CVE-2024-13712 identifies a SQL Injection vulnerability in the Pollin plugin for WordPress, developed by binnyva. The vulnerability exists in all versions up to and including 1.01.1 due to insufficient escaping and lack of proper preparation of the SQL query involving the 'question' parameter. This parameter accepts user input that is directly incorporated into SQL statements without adequate sanitization, enabling attackers to append additional SQL commands. The flaw is categorized under CWE-89, indicating improper neutralization of special elements used in SQL commands. An unauthenticated attacker can exploit this vulnerability to extract sensitive information from the underlying database, potentially exposing user data or site configuration details. The CVSS 3.1 base score is 4.9 (medium severity), with the vector indicating network attack vector (AV:N), low attack complexity (AC:L), but requiring high privileges (PR:H), no user interaction (UI:N), unchanged scope (S:U), high confidentiality impact (C:H), no integrity or availability impact (I:N/A:N). The requirement for high privileges suggests that exploitation may need an authenticated user with elevated rights, limiting the attack surface somewhat. No public exploits have been reported yet, but the vulnerability remains a significant risk for sites using the affected plugin versions. The lack of patch links indicates that a fix may not yet be publicly available, emphasizing the need for defensive measures.

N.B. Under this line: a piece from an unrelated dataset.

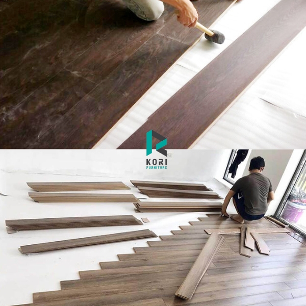 Chuẩn bị bề mặt: Bề mặt sàn cần được làm sạch, phẳng và khô ráo. Nếu bề mặt có nếp gấp hoặc vết lõm, cần phải bằng phẳng bằng cách sử dụng keo hoặc chất đổ.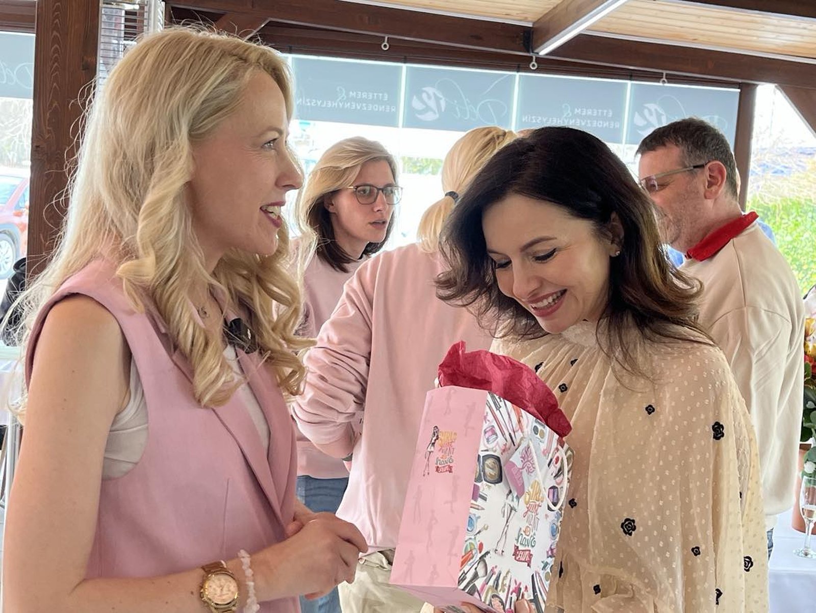 A rajongók további apróbb ajándékokkal, rajzzal, egyedi készítésű fényképalbumokkal, s persze virággal lepték meg Zsédát, majd a közös ebéd után délutánba nyúl a beszélgetés, emlékek felidézése a jó hangulatú találkozón.

The primary impact of this vulnerability is unauthorized disclosure of sensitive information from the WordPress site's database. Attackers exploiting this flaw can retrieve confidential data such as user credentials, personal information, or site configuration details, potentially leading to further compromise or data breaches. Although the vulnerability does not directly affect data integrity or availability, the exposure of sensitive data can have severe reputational and legal consequences for organizations. Since the vulnerability requires high privileges, the risk is somewhat mitigated by the need for an authenticated user with elevated rights; however, if such credentials are compromised or if insider threats exist, the vulnerability becomes critical. Given the widespread use of WordPress and the potential for the Pollin plugin to be installed on numerous sites, the scope of affected systems is significant. Organizations relying on this plugin, especially those handling sensitive user data, face increased risk of data leakage and should act promptly to mitigate exposure.

To mitigate this vulnerability, organizations should first verify whether the Pollin plugin is installed and identify the version in use. Immediate steps include disabling or removing the plugin if it is not essential. If the plugin is required, monitor vendor communications closely for official patches or updates addressing CVE-2024-13712 and apply them promptly once available. In the interim, implement strict input validation and sanitization on the 'question' parameter to block malicious SQL payloads. Employ Web Application Firewalls (WAFs) with custom rules to detect and block SQL injection attempts targeting this parameter. Restrict database user privileges associated with the WordPress application to the minimum necessary to reduce potential data exposure. Regularly audit database access logs for unusual queries or patterns indicative of exploitation attempts. Additionally, enforce strong authentication and access controls to limit the number of users with high privileges, thereby reducing the attack surface. Consider using security plugins that provide runtime protection against SQL injection attacks. Finally, conduct security awareness training for administrators to recognize and respond to suspicious activities.